Um episódio bem dramático para quem está acostumado com ótimas cenas de ação. Acredito
que, nesse caso, foi “aquele” ator (que não vou falar quem para não dar spoillers)
coreografou. O que me chamou a atenção nesse episódio foi o cenário da luta. O mesmo lugar
de onde foram gravadas várias lutas de tokusatsu infantil e até mesmo entre grandes
chambaras para um público mais velho. A grama dourada e a tarde de sol se fizeram
presentes. A trilha sonora que replica um pouco os filmes de samurais deixou o episódio mais
encantador. Mas o principal mesmo foi o cenário muito bem escolhido. É importante explicar
que um cenário bem escolhido pode deixar certas batalhas mais épicas do que já são. Muitos
diretores de produções japonesas fazem uso de um bom cenário para deixar o filme ou a série
marcante. Na maioria dos casos, em séries tokusatsu infantil, o cenário é a Pedreira e terrenos
adjacentes, mas não deixam de serem belos e atraentes. O fascínio que os japoneses possuem
para que a Natureza seja testemunha de uma batalha mortal é elogiável. Em cada sentai tem
um momento desse num cenário espetacular que enche os olhos. E isso é bom!

De uma coisa é certa. Estamos vendo que a série está se aproximando do seu clímax
derradeiro. Mas o mais legal é que está no seu ritmo. Não tem nada apressado. Não tem nada
atrasado. Tudo no seu ritmo. Existe um verso infantil que diz: “não tenha pressa, vá
devagar... quem muito corre, acaba não saindo do lugar!”. Vendo o modo como estão
conduzindo o derradeiro clímax, então tudo resolvendo bem. Pelo menos já sabemos o que
representa a figura do vilão. Quem é o vilão ou vilã da série? A roteirista deixou essa dúvida
a série toda. Mas que está sendo respondida desde então. O jeito como a roteirista trabalha
com o imprevisível é digno de nota. Geralmente, um sentai deixa o roteiro meio previsível
(foi assim com muitos sentais dos anos 80 do século XX).
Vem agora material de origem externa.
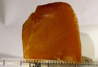 Dieser roh belassene 26-Grammer ist 48 mm groß. Beim Schleifen wird sich daraus ein Prachtbernstein entwickeln. An einer Stelle kann man das Innenleben erkennen: Schöner braungelber fester Bernstein.

Mas deixar para as coisas se
resolverem e se responderem sem pressa tem sido genial e tem deixado a experiência com
Gekiranger especial.

Episódio 45: Pikiin! A Decisão do Destino!

Finalmente acontece o duelo final entre Jan e Rio.


Ah.... a esperteza do uso dos cenários. Mais cenários conhecidos de fãs de tokusatsu para
deixar uma série marcada. Dessa vez foi o litoral rochoso que aparece em muitas cenas de
filmes de chambaras e tokusatsu dos anos 70 e 80. O trabalho da escolha de cenários de
Gekiranger é uma aula de beleza e nostalgia. Uma viagem no tempo com a escolha certa de
cenários que deixaram as cenas marcadas. A luta entre Jan e Rio está entre as melhores dos
sentais das que já vi. No começo, eles lutam destransformados. Mas depois que eles se
transformam, a luta fica mais violenta. Efeitos de explosões e outros pirotécnicos permearam
o momento com muita beleza prática. Ah... não podemos esquecer do duelo diante do
entardecer tendo o vento como testemunha. Daria um cenário perfeito para um chambara.
Mas souberam aproveitar a beleza do cenário para compor uma cena memorável em toda a
franquia. E como a escolha de um cenário perfeito mexe com a gente. Muitos duelos de séries
antigas aconteceram nessa praia. E sempre no entardecer. Mas o charme dessa luta está no
roteiro e na dramaticidade que chegou nessa situação. O combate foi maravilhoso.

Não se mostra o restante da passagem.